Margaret Ellen Newell is professor and vice chair of faculty in the Department of History at The Ohio State University.

Her research and teaching interests include colonial and revolutionary America, Native American history, economic history, material culture, and comparative colonial American/Latin American history.
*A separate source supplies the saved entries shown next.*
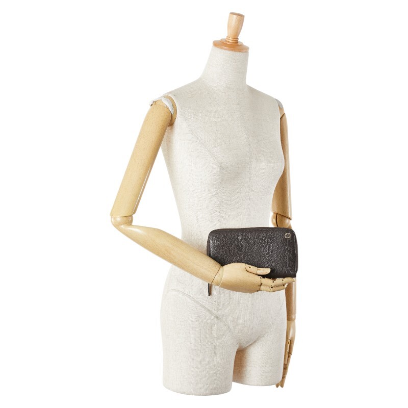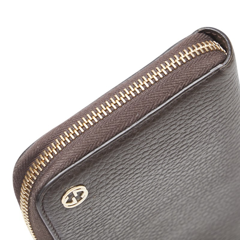 グッチ インターロッキングG 長財布 ラウンドファスナー 449347 ブラウン レザー レディース GUCCI 【中古】
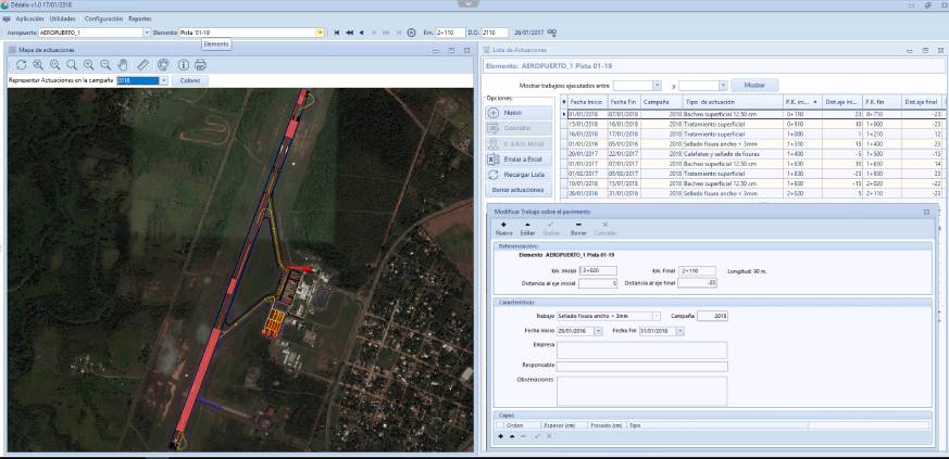 Registro de la sección estructural del pavimento, mostrado en listados y gráficamente, así como el histórico de las actuaciones realizadas en el pavimento, con sus características (fecha de ejecución, materiales empleados, características de los materiales y capas, etc.). Todo ello georreferenciado y visualizable en la cartografía por año y tipo de actuación realizada.
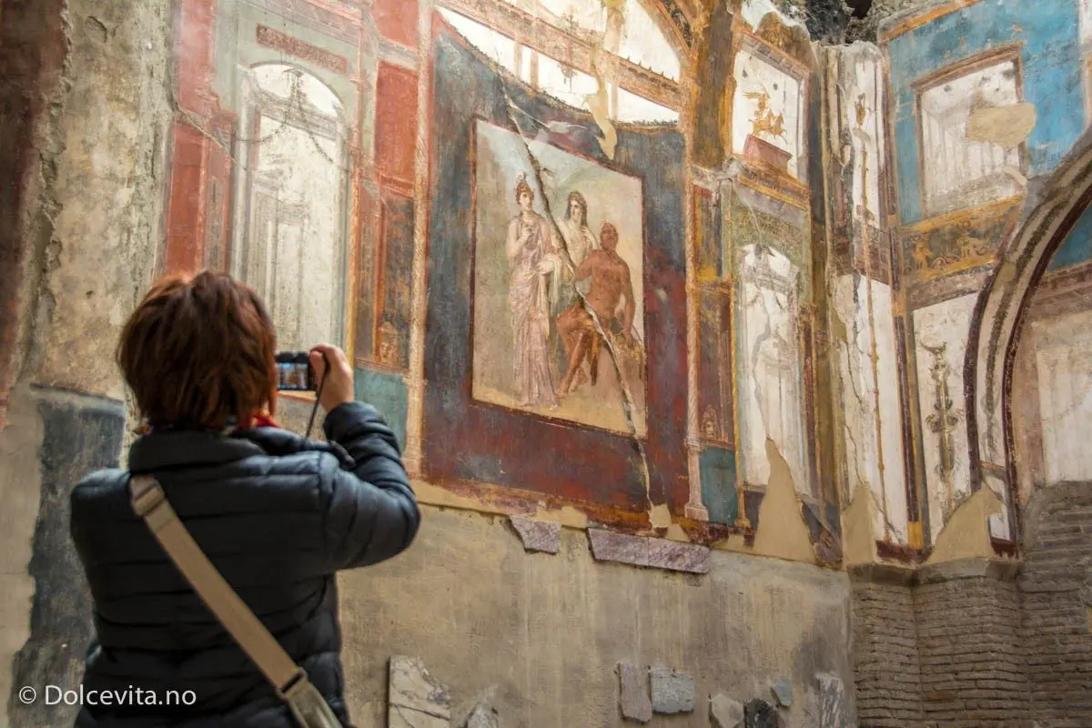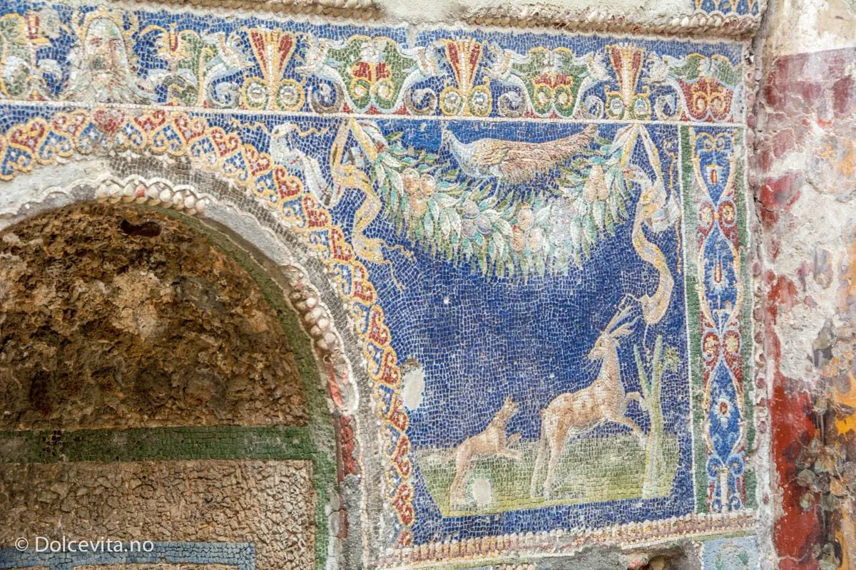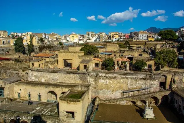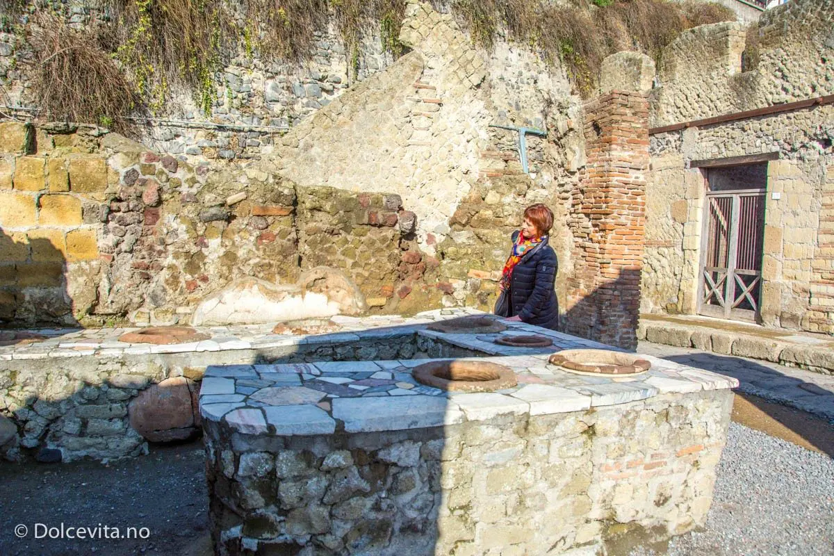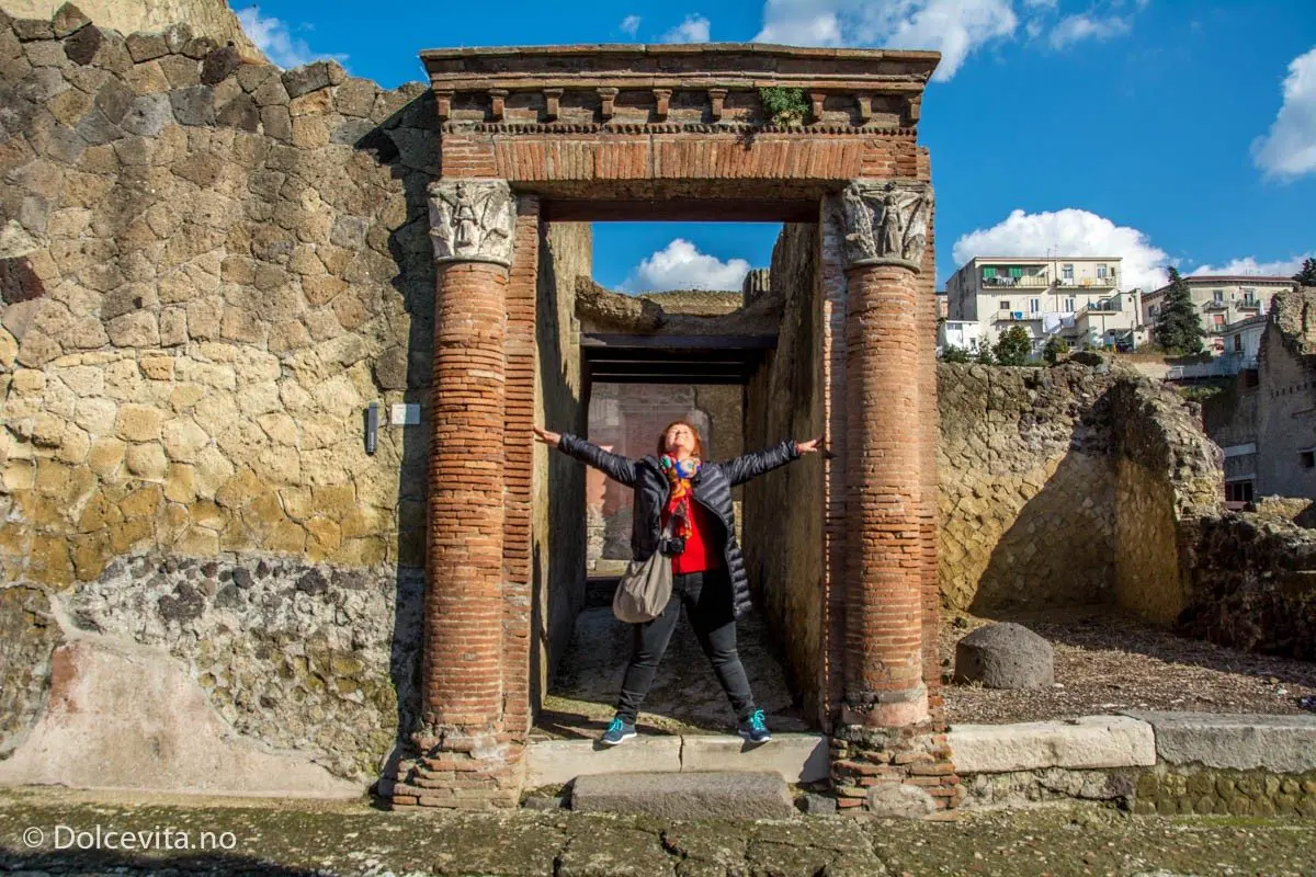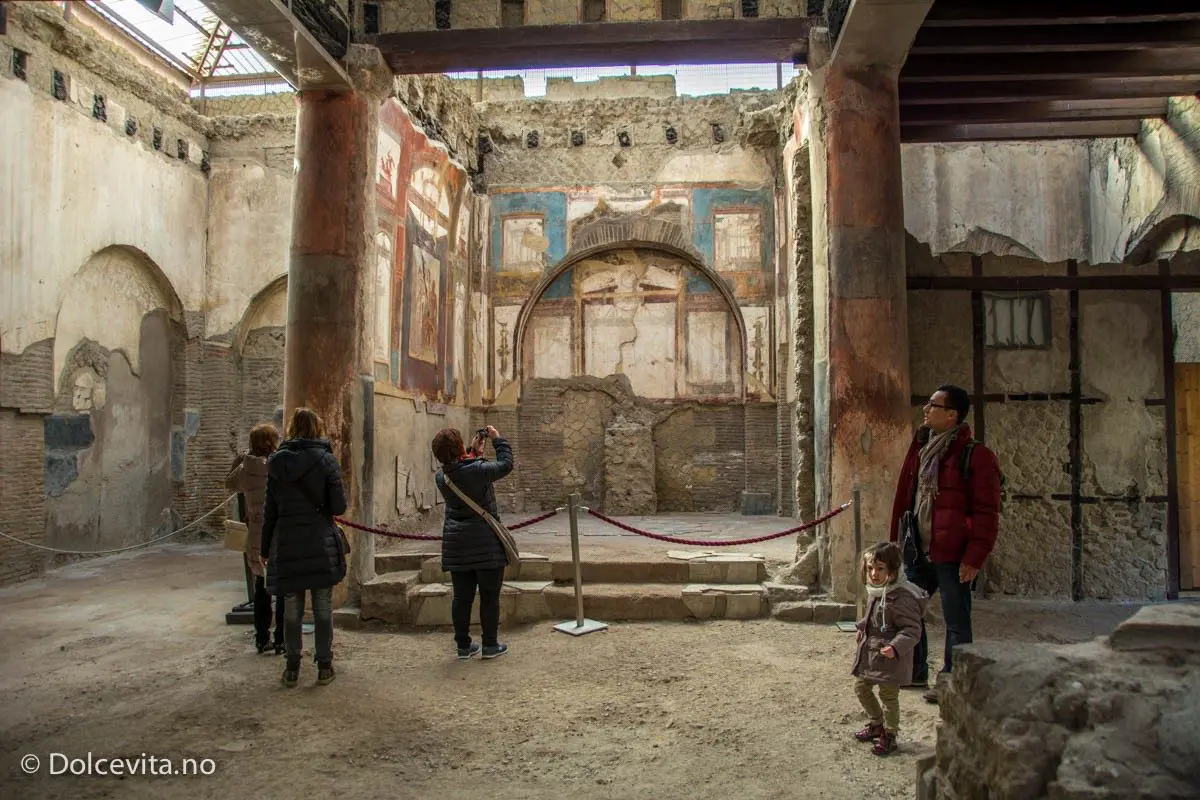 Mens den mer kjente storebroren Pompei er og blir ruiner, finner du her hele hus og godt bevarte rom du kan vandre inn i, og det attpåtil uten stengslene som finnes mange steder i Pompei. Og gater med brostein fra travelt byliv en gang før det bokstavelig talt smalt i år 79.

Her books include Brethren by Nature: New England Indians, Colonists, and the Origins of American Slavery (Cornell University Press, 2015), winner of the James A. Rawley Prize for best book on race relations in the United States from the Organization of American Historians; and From Dependency to Independence: Economic Revolution in Colonial New England (Cornell University Press, 1998; new edition 2015).

Articles and chapters include “The Birth of New England in the Atlantic Economy, 1600-1770,” in Engines of Enterprise: An Economic History of New England, edited by Peter Temin (Harvard University Press, 2000); a review of American economic history through 1800, "The Colonial Economy," in The Blackwell Companion to Colonial America, edited by Daniel Vickers (2002); "The Changing Nature of Indian Slavery in Colonial New England," in Reinterpreting the Native American Past. edited by Colin Calloway and Neal Salisbury (2003); and an article on "Indian Slavery in New England" in an anthology on Indian slavery in early America, edited by Allan Gallay.

Newell’s research has received support from the John Nicholas Brown Center, American Council of Learned Societies, Huntington Library, National Endowment for the Humanities, John Carter Brown Library, American Antiquarian Society, Massachusetts Historical Society, and American Historical Association.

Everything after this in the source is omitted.